Я пытался организовать защиту родной мне манеры говорить на страницах весьма низкопробного желтого изданьица, выходившего два раза в месяц с условием от владельца – целиком и полностью посвящать каждый номер отстаиванию интересов фабрик по промывке шерсти. Но плоды моих порывов попали в лапы к наборщику какой-то иностранной национальности и вышли в свет в таком усеченном и перечерканном виде, что скорее могли сгодиться в качестве таблицы для проверки зрения.

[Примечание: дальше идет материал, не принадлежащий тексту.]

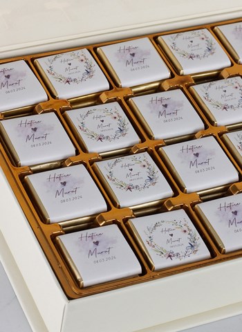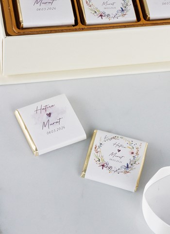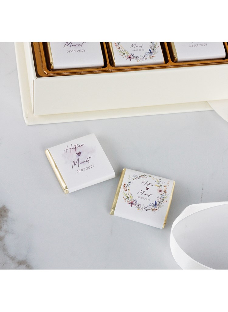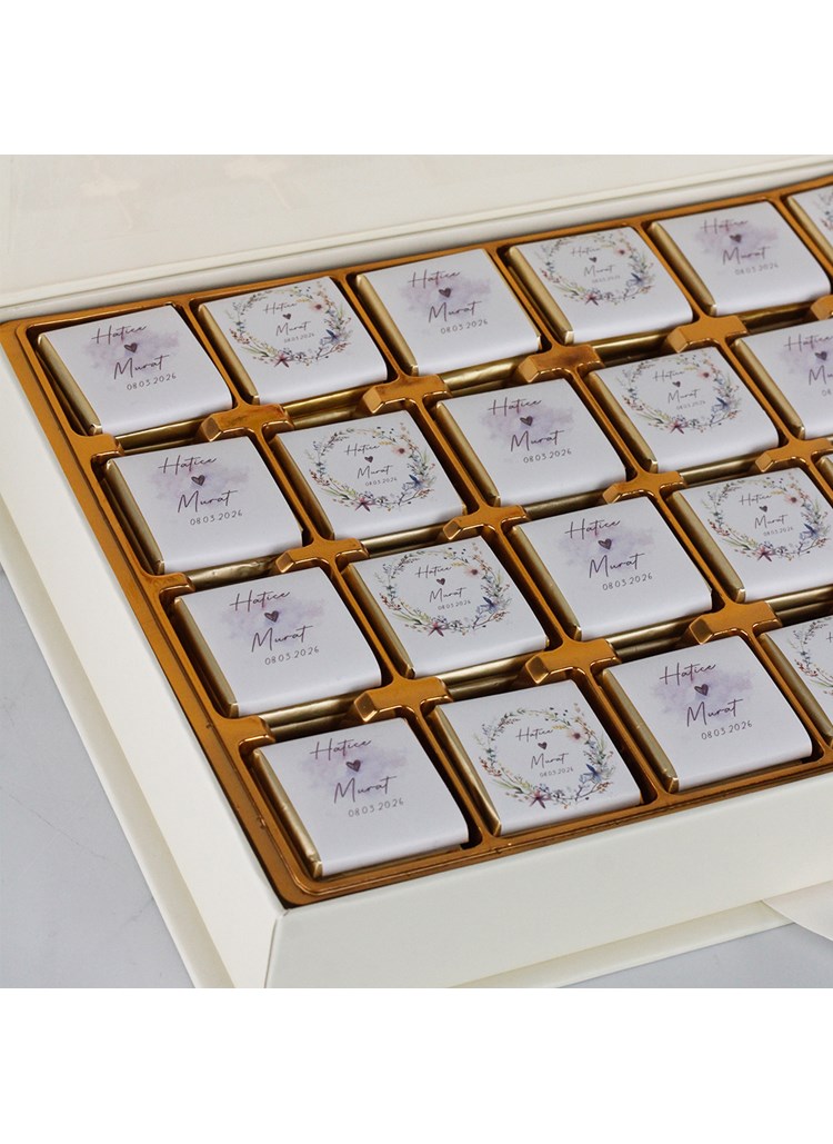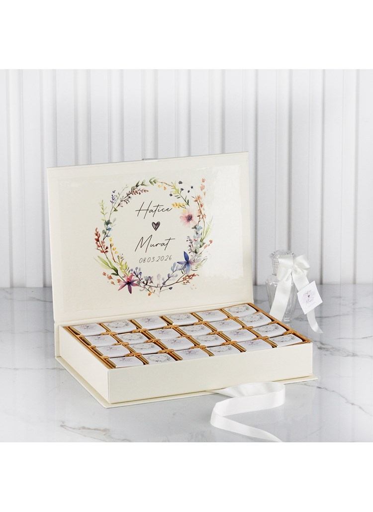 Çiçek Temalı Krem Kutuda Söz&Nişan Çikolatası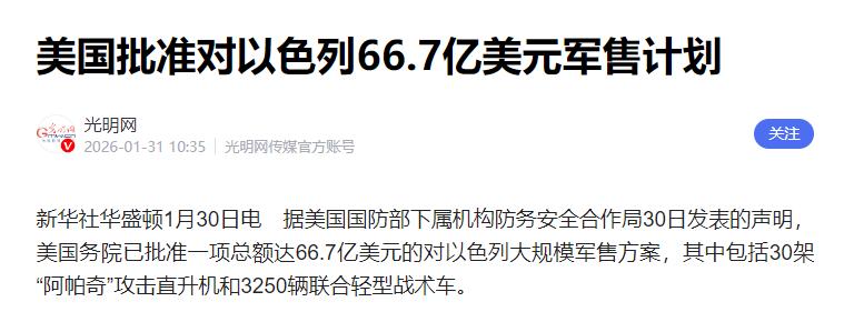 果然被我猜中了,1月31日,美国国务院正式拍板,批准向以色列出售总价约66.7亿美元的军事装备,核心就是30架AH-64E“阿帕奇”攻击直升机和3250辆联合轻型战术车辆,另外还搭着装甲运兵车动力包和轻型多用途直升机。这波操作,明眼人一看就懂,熟悉的配方从来没变过。 瞧瞧这操作,多熟悉的味道。,还记得去年那会儿,国会山为了军援的事儿吵得面红耳赤吗?民主党嚷嚷着要加人权条件,说什么得兼顾地区民生,不能一味卖武器。 结果共和党铁了心要站以色列,一顿博弈下来,所谓的“人权附加条件”终究成了摆拍,到最后还是顺着美国一贯的思路,把大规模军售的绿灯彻底打开。 其实,大家心里都清楚,两党那点争吵,从来不是真的为了地区和平,无非是各自的政治算计罢了——民主党要讨好自家选民基本盘,共和党要绑定以色列和军工复合体,吵来吵去,最终都会落到“维护美国利益”这个核心上。 先说说这次军售的核心装备,每一样都藏着明确的用途,绝非单纯的“常规补给”,根据美国国防部下属防务安全合作局的声明,30架AH-64E“阿帕奇”攻击直升机占了大头,光这一项就价值38亿美元,剩下的3250辆联合轻型战术车价值19.8亿美元,再加上装甲运兵车动力包和轻型多用途直升机,刚好凑够66.7亿美元的总额。 可能有人对“阿帕奇”没概念,这款直升机可是美军的明星装备,也是以色列早就想要的“杀器”——它的飞行速度比老款快不少,燃油效率更高,能在战场上空停留更久牵制敌人,还能和MQ-1C“灰鹰”等无人机联动,60%的直接交火都能实现空地协同,不管是针对地面目标还是低空突袭,都能发挥不小的作用。 对以色列来说,这笔军售相当于给它的军事优势“加码”。要知道,以色列在中东本来就握着绝对的军事主动权,这次添了“阿帕奇”和大量战术车辆,无疑是进一步巩固对约旦河西岸、加沙地带,乃至周边黎巴嫩、叙利亚等地区的控制能力。 美国嘴上说,军售是为了“增强以色列应对当前和未来威胁的能力”,帮它保卫边境和重要基础设施,说白了就是要把以色列打造成自己在中东的“军事桥头堡”,让它能替美国盯着中东的局势,牵制伊朗等美国眼中的“潜在对手”。 而美国的算盘,远比表面看起来更精,首先最直接的就是帮本国军工产业赚大钱——军工复合体是美国的重要利益群体,大规模军售从来都是军工企业的“摇钱树”,这笔66.7亿美元的订单,能让波音等巨头赚得盆满钵满,而军工企业反过来又会给两党提供政治献金,形成一个循环。 其次,美国想通过军事捆绑,继续牢牢掌控中东的主导权,毕竟以色列是美国在中东最核心的盟友,把先进武器卖给它,既能绑定双方的利益,又能让以色列更依赖美国的装备体系,相当于把以色列牢牢拴在美国的战车上。 更值得注意的是,这次对以色列的军售,还和美国对沙特的90亿美元军售同步获批,表面上看是“一碗水端平”,实则是精准的战略布局。 中国现代国际关系研究院的专家就分析过,美国对以色列的军售,侧重强化其进攻能力,巩固军事霸权;对沙特的军售则侧重防空,看似是帮沙特提升防御,实则是让沙特的防空系统能顺带保护美国在中东的利益,甚至帮以色列拦截伊朗的导弹。 说到底,美国就是想通过武装不同的盟友,让它们各自分工,共同维护美国在中东的利益,同时分担美国的防务压力。 可能有人会问,美国就不怕加剧中东的紧张局势吗?答案是,它根本不在乎,对美国来说,中东越乱,它越有理由介入,越能维持自己的影响力。 要知道,当前中东局势本就严峻,美伊之间的军事冲突隐患不断,这次大规模军售,必然会刺激伊朗的安全焦虑,倒逼伊朗强化自身军事能力,进而引发地区军备竞赛,更关键的是以色列本身对巴勒斯坦就持强硬立场,有了更先进的武器,只会更依赖军事手段解决矛盾,这对本就艰难的巴以和平进程来说,无疑是雪上加霜。 说到底,这次美国批准对以色列的大规模军售,从来不是什么“盟友互助”,而是一场精准的利益交换——美国赚军工利润、稳中东霸权,以色列获先进装备、固地区优势,唯独受伤的是中东的普通民众,是本就脆弱的地区和平。 这种“以武谋霸”的操作,美国已经玩了很多年,从欧洲到中东,只要哪里有利益可图,哪里就有美国军售的身影,只是美国忘了,霸权手段终究无法换来真正的安全,一味地贩卖武器、激化矛盾,最终只会反噬自身,而中东地区的和平与稳定,从来都不是靠堆砌武器就能实现的。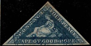 DESCRIÇÃO:CABO DA BOA ESPERANÇA - ◉ Yvert 4 - Todas as margens intactas. Carimbo azul - 65 Euros....

Один умник, ну, знаете, из тех, что суются куда не просят, по случаю услыхал где-то, что особняк, принадлежавший доктору Сапонаро (тот, что на улице Обаррио), был приобретен на судебном аукционе одним патриотом, только-только вернувшимся из Бремена. И вот этот патриот будто бы на дух не переносил испанцев – настолько, что даже отказался от поста председателя Аргентинской Книжной палаты. Я лично совершил отважный поступок: предложил всем нашим назначить кого-нибудь представителем, чтобы он – как бы облачившись в посольскую мантию – в подходящий момент подступился бы к тому самому особнячку с единственной целью: выцыганить у его владельца хоть что-нибудь на помощь нашему делу. Видели бы вы, какое смятение в головах присутствовавших вызвало это предложение. Поняв, что обсуждение кандидатуры заходит в тупик, тот же самый умник предложил бросить жребий. То есть самой судьбе предстояло решить, кому из нас следует посетить тот дом и быть вытолканным в шею еще задолго до того, как перед его взором мелькнул бы где-нибудь вдалеке силуэт хозяина усадьбы.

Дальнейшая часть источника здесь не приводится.